Он помолчал и снова улыбнулся – но на этот раз уже совсем по-другому.
– Вы замечательно породистые существа. Ваши щенки будут брать первые призы на всех выставках.
Тут я, конечно, завопила и стала тыкать его в бок кулаками, а он смешно отмахивался, пока мы оба не расхохотались и не обнялись, как это происходило всегда, когда нам было хорошо вдвоем.
“Тайманский принц”. Именно мой отец придумал для Рани такое прозвище. Не могу сказать, что оно мне сразу понравилось: “принц” еще куда ни шло, но зачем акцентировать на происхождении? Тайманский или датский – какая разница? Главное, что принц.
– Видишь ли, – объяснял мне отец. – Нас, ашкеназов, так много били по голове и так долго гоняли из угла в угол по всей Европе, что это не могло не сказаться на осанке. Присмотрись к тем же принцам датским: их фигура всегда наклонена немного вперед, а глаз слегка косит в сторону. Почему, как ты думаешь?
– Интеллект придавливает, – насмешливо отвечала я. – Трудно таскать такую умную голову, вот и клонятся.
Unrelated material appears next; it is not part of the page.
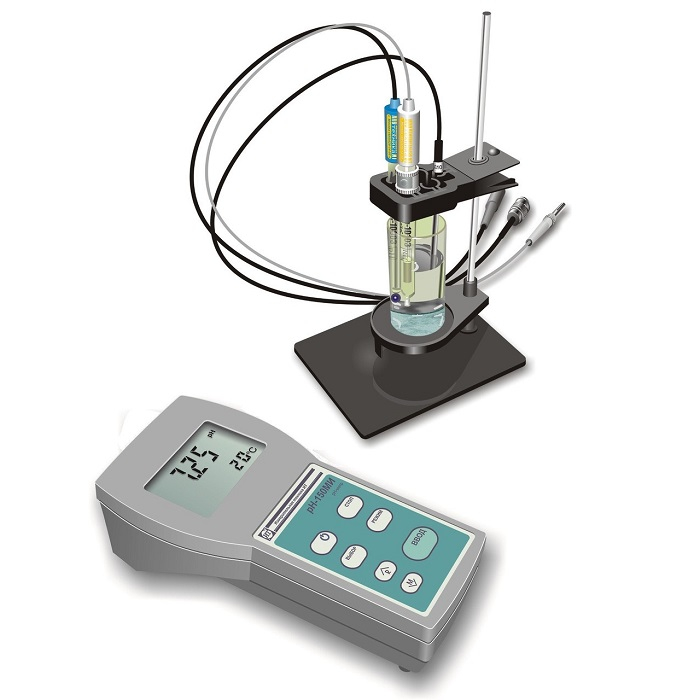 • В комплекте с иономером поставляется все необходимое для проведения измерений, в т.ч. стеклянный рН-электрод ЭС-10603/7, электрод сравнения ЭСр-10103 и штатив ШУ-05, оснащенный поворотным столиком.

Правильно?
– Если бы! – смеялся отец. – Они наклонены, как бегуны на старте, да и косят по той же причине: чтобы вовремя уловить момент, когда нужно будет снова вжать голову в плечи и дать деру. А теперь глянь на своего тайманского принца! Он прямой! Прямой! Ну не чудо ли?
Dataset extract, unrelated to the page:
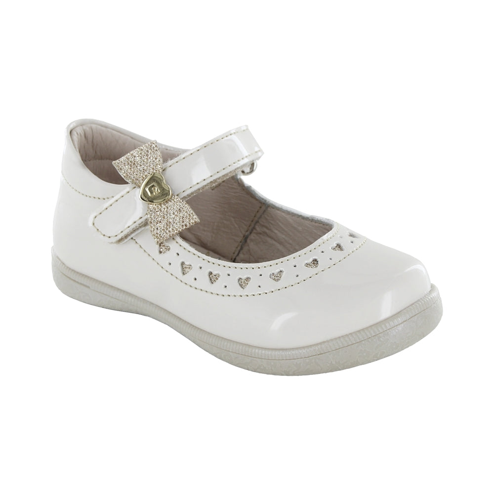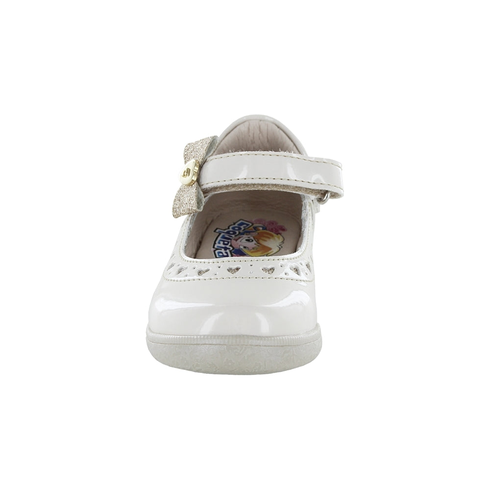 Zapato Coqueta para niña en charol beige Naty con moño decorativo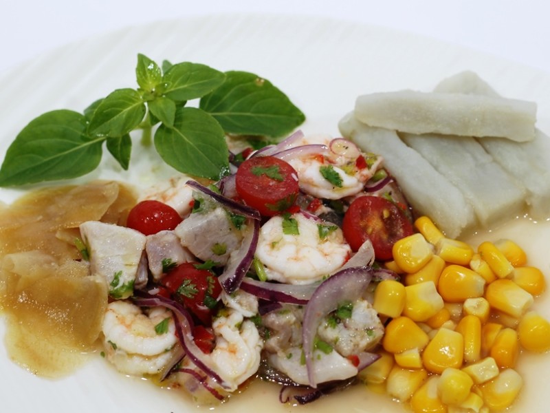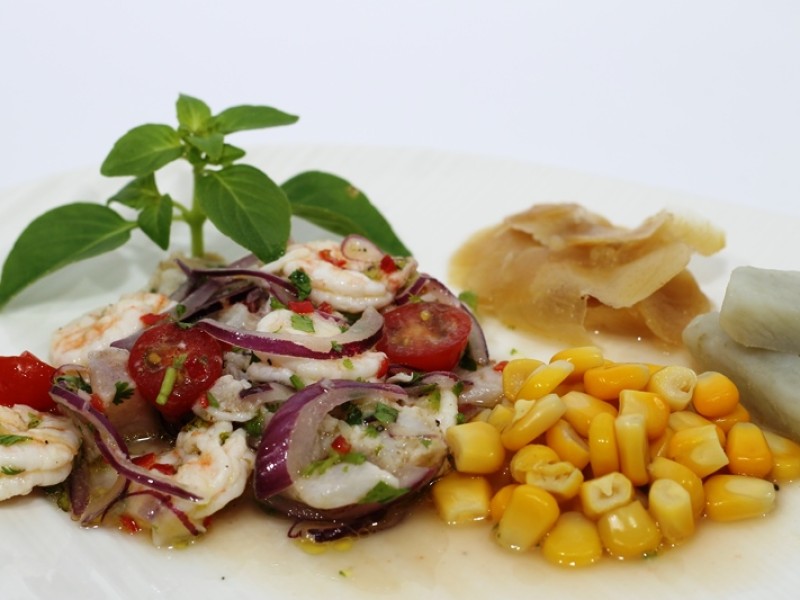O Ceviche de Camarão é um dos mais tradicionais do Equador. Acrescentei filé de tilápia e substitui o tomate comum por tomate cereja. Servi acompanhado de milho verde (originalmente era pipoca), palitos de batata doce e gengibre em conserva Ciscando na Cozinha. Ficou um prato refrescante, suave e delicioso!

Когда я сказала Светке, что хочу много детей от Рани, как в настоящей тайманской семье, и хочу их прямо сейчас, она аж глаза выпучила:
– Нашла когда об этом думать!
Мы тогда и в самом деле только-только прошли учебку, дежурили на базе в долине Иордана перед пограничными мониторами, считались “молодыми”, а потому и домой отпускались далеко не на каждый шабат. Поэтому, когда я все-таки выходила, Рани бросал все свои дела, кроме тех, которые бросить было невозможно. Он остался в шайетет сверхсрочно, на два года, командиром группы, а в свободное время помогал старшему брату организовывать всякие праздники – в основном, свадьбы. Этого свободного от армии времени было у Рани много. В форме я его не видела совсем; а о том, что он вообще служит, можно было догадаться только по периодически отключаемому мобильнику. Это происходило примерно раз в две недели. Просто без всякого предупреждения отключался телефон, и Рани исчезал на два-три дня – чтобы потом вдруг позвонить и, как обычно, спросить: “Что слышно, Несси?”
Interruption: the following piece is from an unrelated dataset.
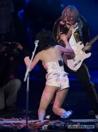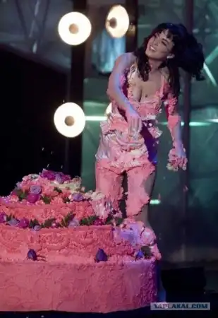 Некая Кейт Перри во время своего выступления решила немного подсластиться и... прыгнула в торт.

Такое он мне придумал имя. Отец звал меня по-русски Нюся, а Рани подслушал и переделал на свой манер. Он говорил, что это очень точно отражает мое существо. Что он, мол, думал, что таких, как я, в природе не бывает, что все рассказы о таких – выдумки для лохов, как про лох-несское чудище, что он был уверен в этом стопроцентно, пока я не всплыла перед ним из бассейна на той вечеринке, как Несси из своего озера. Ну и кроме того, “нес” на иврите означает “чудо”, так что, сами понимаете. В общем, мне нравилось, хотя вредная Светка и проходилась по этому поводу при каждом удобном случае, особенно, за столом. Типа, ты, мол, Анюта, особо не разъедайся, а то ведь и впрямь станешь, как Несси. Или, если я во что-нибудь не врубалась: “Это ничего, Несси, что у вас, у динозавров, головка маленькая. Зато задница большая”. Но я не обижалась. Такую подругу, как Светка, еще поискать. А что завидует – так можно ли было мне не завидовать?
– Что слышно, Несси?
– Нормально, – говорила я, потому что спрашивать, где он был и почему отключил телефон, было совершенно бесполезно: Рани не отвечал даже намеком, вообще ничего, ни слова. – А у тебя?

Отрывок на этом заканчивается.